Der Mann nickte der Geisterschwinge zu und hob seine linke Hand, um das Gefäß zu öffnen. Anschließend hielt er das Gefäß in ihre Richtung.
„Das ist eine Salbe, die die Schmerzen an deinen Handgelenken lindern soll", erklärte er in Maras Richtung und seine Augen blickten in ihre. Skeptisch entgegnete sie seinem Blick. Sie traute ihm nicht, aber ein Gefühl sagte ihr, dass er ihr ernsthaft helfen möchte.
„Kuro, es ist schon gut", sagte sie daraufhin und die Geisterschwinge drehte sich verwirrt zu ihr um. „Er kann mir nicht noch mehr Schaden zufügen."
Kuronirokiani stellte sein Knurren ein und sprang zurück auf die Pritsche. Der Mann trat auf sie zu und blieb vor ihr stehen. Mit seinem linken Fuß stampfte er auf den Boden auf und erschrocken beobachtete Mara, wie sich die Erde neben seinen Füßen bewegte. Eine kleine Erhebung löste sich vom Boden, auf die sich der Mann setzte.
„Du kannst die Erde bewegen?", fragte Mara überrascht. Er bemerkte ihren erschrockenen Blick und räusperte sich.
„Nun, wie dachtest du, habe ich euch von dem bösen Geist gerettet? Mit purer Willenskraft?" Seine Stimme klang sarkastisch, in die sich ein belustigender Unterton mischte. „Ich kann die Erde nach meinem Willen bändigen."
In Maras Kopf bewegten sich ihre Gedanken zurück zu der Situation, als der wild gewordene Geist sie und Kuronirokiani angegriffen hatte. Kuro war an einer Häuserwand zusammengebrochen und sie hatte ihren kleinen Freund schützend in ihren Armen gehalten. Der Geist holte zu einem tödlichen Schlag aus und Mara war sich sicher gewesen, dass dieser sie treffen würde. Aus ihr damals unerklärlichen Gründen waren sie durch die Luft geschleudert worden. Kurz vor ihrem Ausweichflug hatte Mara zu dem fremden Mann, der ihr damals zu Hilfe gekommen war, geblickt und bemerkt, wie sich der Boden unter ihr bewegte. Tagelang hatte Mara sich über die Rettungsaktion Gedanken gemacht und ihr kam bereits nach dem Kampf der Gedanke, dass er die Erde beherrschen konnte. Dennoch war es eine Überraschung, die Bestätigung ihrer Vermutung zu hören.
„Mir war nicht bewusst, dass du die verbotenen Künste anwendest, um uns zu retten. Auch, wenn ich nicht weiß, was deine Hintergründe sind, möchte ich dir für damals danken. Ohne deine Unterstützung hätten wir es nicht lebendig aus dieser Situation heraus geschafft", sagte Mara und ihre Worte waren ehrlich gemeint. Der Mann war zwar in gewisser Weise schuld an ihrer aktuellen Situation, dennoch war sie ihm dankbar für die damalige Hilfe.
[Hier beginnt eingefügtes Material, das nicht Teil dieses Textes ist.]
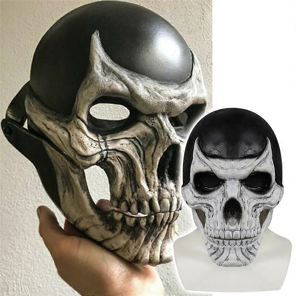 Horror Skull Face Mask With Moving Jaw Headgear Halloween Carnival Full Head Mask Scary Cosplay Head Cover Party Props

„Dafür musst du mir nicht danken", entgegnete der Fremde ihr. „Gib mir deine Hände, damit ihr sie mir ansehen kann."
Mara zögerte. Der Mann vor ihr war ihr ein Rätsel. Eines über das sie bereits seit mehreren Wochen grübelte. Immer wieder war er in ihrer Gegenwart aufgetaucht und in gewisser Weise fühlte sie sich mit ihm verbunden. Da fasste Mara einen Entschluss. Sie konnte sich vor ihm versperren und seine Hilfe nicht annehmen, oder sie beobachtete seine Reaktionen und nahm die Unterstützung an. Sich ihm gegenüber offener zu zeigen, konnte ihnen nicht mehr schaden, als sie eh schon einstecken mussten.
„Darf ich wenigstens erfahren, wie du heißt?", fragte Mara und hoffte durch diese einfache Frage in gewisser Weise das Eis ein Stück zu brechen. „Mein Name ist Mara und das ist Kuronirokiani", stellte sie sich vor, um ihm ihre Offenheit zu demonstrieren.
Der Fremde schnaubte abfällig, aber als Mara in seine Augen blickte, lag darin eine gewisse Wärme. „Das war wohl unhöflich von mir, mich nie vorgestellt zu haben. Mein Name ist Kiran."